Recently Yimou joined Ang Lee at an NYU’s sponsored talk on the future of Chinese cinema (which will likely dominate the world’s market in five to ten years). Both directors also talk about their upcoming projects. Reported by NY Times’ Arts Beat.
Predicting that within five years the world’s filmmakers and distributors will all be “leaning forward to the Chinese market,” Mr. Zhang cautioned that the Chinese industry needed to place less emphasis on profits and “popcorn movies” and noted a lack of current Chinese films that were “full of imagination,” as well as good novels and stories to use as sources.

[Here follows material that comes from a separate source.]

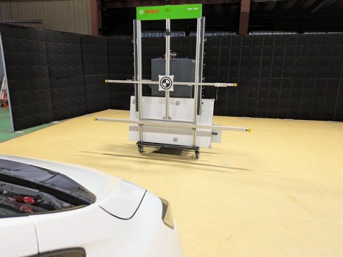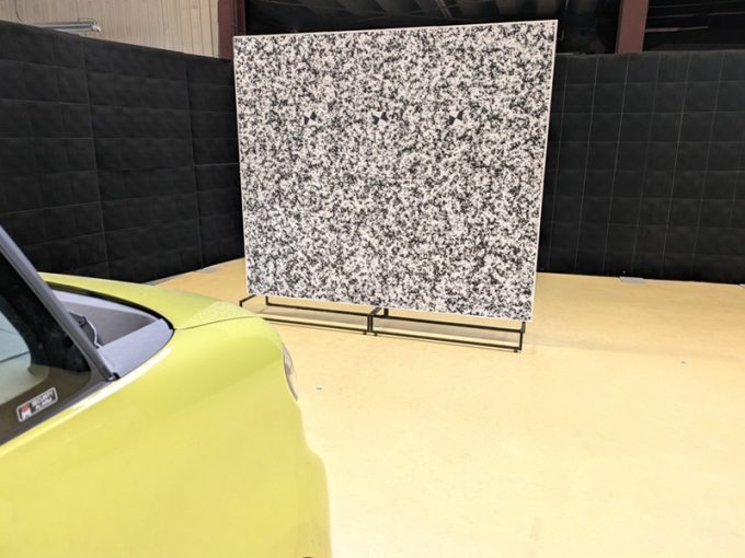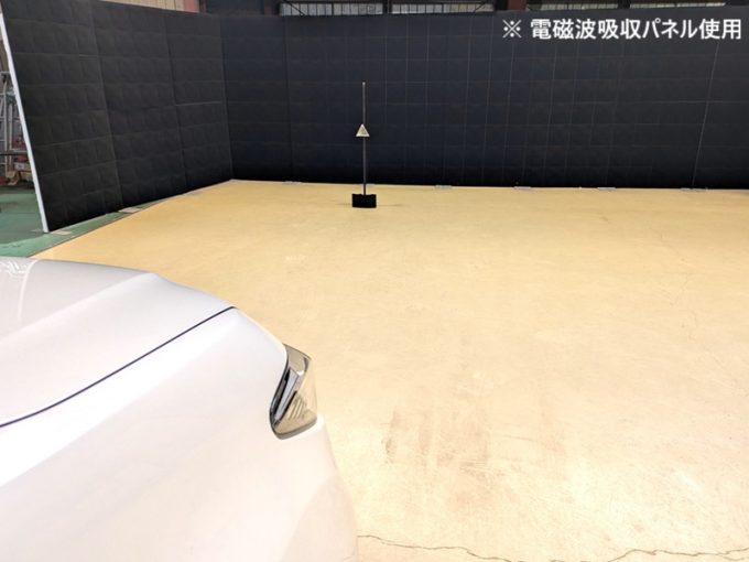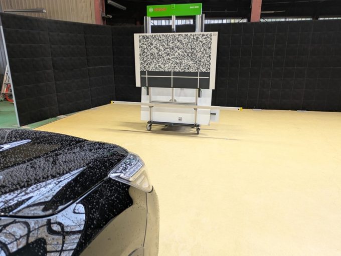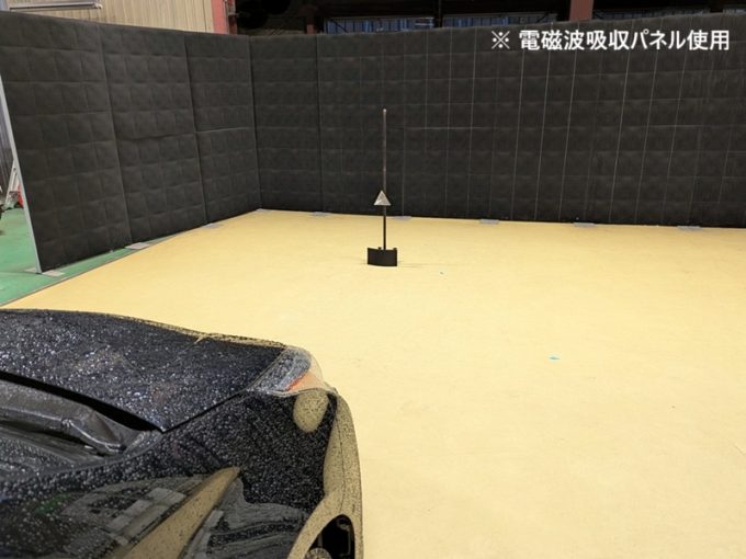 ※上記、「ミリ波レーダー」エーミングの際には反射物の無い空間が必要ですが、三角リフレクター後方の黒い壁に見える「電磁波吸収パネル」(ニフコ社製)を設置して不要な反射を防止し『検査空間』の確保を実施しています。

“It’s easy to say we have good movies, but difficult to do it,” he said.
Mr. Lee worried that mainland Chinese film, after a long fallow period, was growing too quickly with too great a focus on box office blockbusters. “Give the Chinese market some time,” he said. If it were allowed to naturally grow, he added, China could set an example for an American film industry that itself is “not very healthy.”
The event was sponsored by the Tisch School of the Arts and LeTV, the online video site that owns Le Vision Pictures, a producer of Mr. Zhang’s latest film, “Coming Home,” set during the Cultural Revolution and starring Gong Li.
Asked by the moderator, the Tisch professor Christine Choy, about their next projects, both directors said as little as possible. But Mr. Zhang allowed that he was discussing a Hollywood project — “I think it’s a large project,” he said — which would be his first film in English, a language he doesn’t speak. There have been reports that he is in negotiations to direct an adaptation of a Robert Ludlum novel.
Mr. Lee spoke about a movie related to “boxing and belief,” a project that was first reported last fall, but said he still needed to raise money and, in the wake of the visually spectacular “Life of Pi,” develop even newer camera technologies to tell the story the way he wanted.
When he was given the chance to pose a question to Mr. Lee, Mr. Zhang mentioned his colleague’s singular success working in both the Asian and American markets and asked, rather intently, “How do you make the world understand you?”